Teaching robots like humans

Imagine teaching a robot 1000 tasks in just 24 hours. Imagine teaching robots just like you teach humans. In fact, what if teaching a robot were as easy as showing it once?

Humans can learn new skills almost instantly by watching, trying, or receiving a quick explanation. Robots, historically, haven’t been so lucky. Training them often requires huge datasets with real or virtual data, massive engineering effort, and weeks or months of experimentation.

But that may be changing.

In this episode of TechFirst, host John Koetsier talks with Edward Johns, Director of the Robot Learning Lab at Imperial College London, about a breakthrough in efficient imitation learning that allowed a robot to learn 1,000 different tasks in just 24 hours.

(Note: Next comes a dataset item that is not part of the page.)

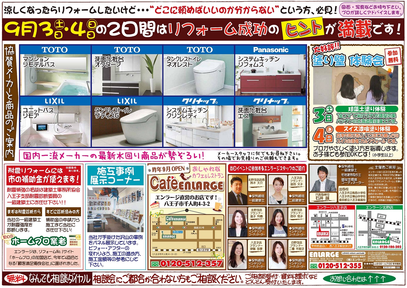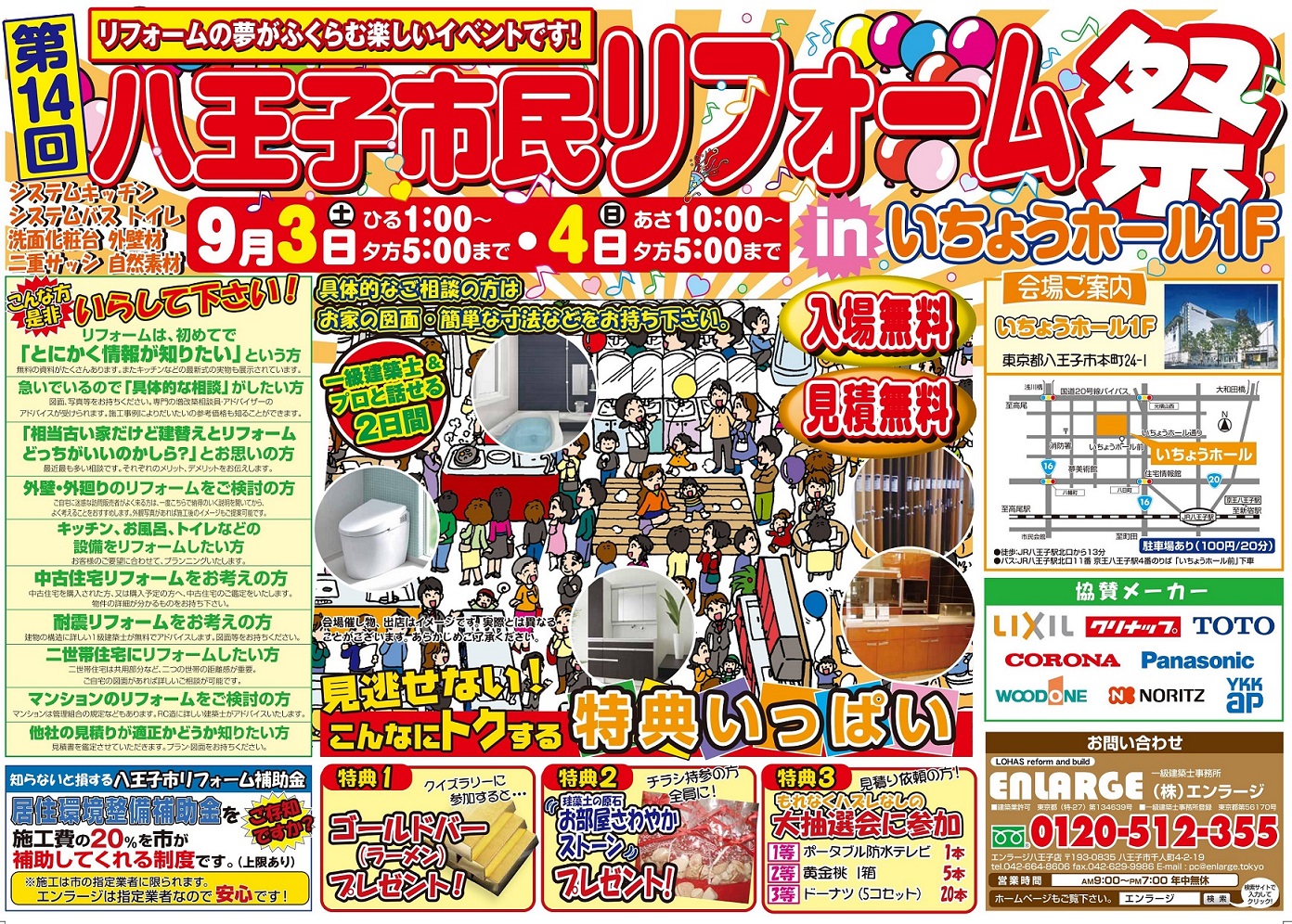 エンラージ主催の「第14回八王子市民リフォーム祭」が9月3日(土)と4日(日)の2日間、八王子いちょうホールにて開催されます。協賛メーカーはTOTO・リクシル・パナソニック・クリナップで、キッチン・ユニットバス・洗面台・トイレ等の展示が多数あり、メーカーさんから直接商品の説明が聞けます。リフォーム相談コーナーでは一級建築士やインテリアコーディネーターに無料で何でも相談できます。お客様の夢の実現に向けてプロならではのアドバイスや数々のビフォーアフターのように生まれ変わった施工事例をご紹介いたします。大人気の珪藻土塗り体験や豪華景品が当たる『大抽選会』等もご用意しております。ご来場特典は、もれなく全員に「珪藻土の消臭剤」をプレゼントさせて頂きます!

Get the deepest insights concisely on the TechFirst Substack newsletter
Subscribe to the TechFirst YouTube channel to never miss an episode

And, watch our conversation here:

Instead of collecting huge datasets, Johns’ team combines simulation training, clever algorithm design, and single demonstrations to dramatically speed up how robots learn.

We discuss:

How robots can learn from just one demonstration
Why breaking tasks into “reach” and “interact” phases makes learning faster
The role of simulation data in robotics AI
Why robotics doesn’t have the same data advantage as large language models
The future of prompt-like robot training
Whether humanoid robots will actually learn like humans

As robotics hardware rapidly improves and costs fall, breakthroughs like this could be the key to making robots truly useful in homes, factories, and everyday life.

If robots are going to become real collaborators with humans, they’ll need to learn quickly … just like we do.

Transcript: teaching robots like humans

Note: this is a partially AI-generated transcript. It may not be 100% correct. Check the video for exact quotations.

John Koetsier

Can we teach a robot as fast as a human? Hello and welcome to TechFirst. My name is John Koetsier. As much as we love tech around here, I love tech around here, humans are actually pretty amazing. We can often learn a task just by seeing it or being told about it. It’s one-shot learning, single-shot learning. Sometimes we can even figure it out on our own without any insight, guidance, or instruction. Robots, on the other hand, tend to need huge amounts of data, which can be painful, slow, and expensive to get. Maybe not anymore. Someone just trained a robot on a thousand different tasks in only 24 hours. To learn more, we’re chatting with a professor at Imperial College London. He formerly worked for Dyson. He’s now the director of the Robot Learning Lab there. His name is Edward Johns. Welcome, Edward. How are you doing?

Edward Johns

Hi, John. Yeah, thanks so much. Really great to be here and chat with you about efficient imitation learning in robotics. Thanks a lot for having me.

John Koetsier

Awesome, super pumped to have you. Let’s just start with the big obvious question: how did you teach your robot a thousand things to do in 24 hours?

Edward Johns

Well, it wasn’t me, it was my students. So I should really congratulate them on actually physically providing all of those thousand demonstrations. We actually have a video of it on our website, which you can go and watch to see them all providing the thousand demonstrations. But in terms of the robot learning algorithm, what we did is we thought carefully about how to decompose robot trajectories into two sequential phases. So if you imagine, I know that’s like my phone here, imagine you wanted a robot to grab a phone. Rather than having to learn all of these actions in one monolithic policy, you would decompose it into two different policies: reaching the object and then interacting with the object. And we found that that was an inductive bias that made things much more efficient. And we also used a lot of simulation data as part of the robot’s brain and combined that with one demonstration for each task. So it’s a combination of those two ideas really that led to us getting this massive speed-up in efficiency.

John Koetsier

Help me understand that difference. I can assume that if you’re going super old school in terms of controlling a robot, you have to give it tons of spatial coordinates—move this way, do that, and everything. How did you simplify that? Go into some more detail if you would.

Edward Johns

Yeah. So I suppose the really old-fashioned way would be that for each individual task—let’s say it was a grasping task or opening a door, whatever it is—you would, as an engineer, specify the coordinates that the gripper has to go to and the trajectory that it needs to move through. And that does work. If you define a task well enough, you can get an engineer to design a robot that will perform that task. The problem is it’s not scalable.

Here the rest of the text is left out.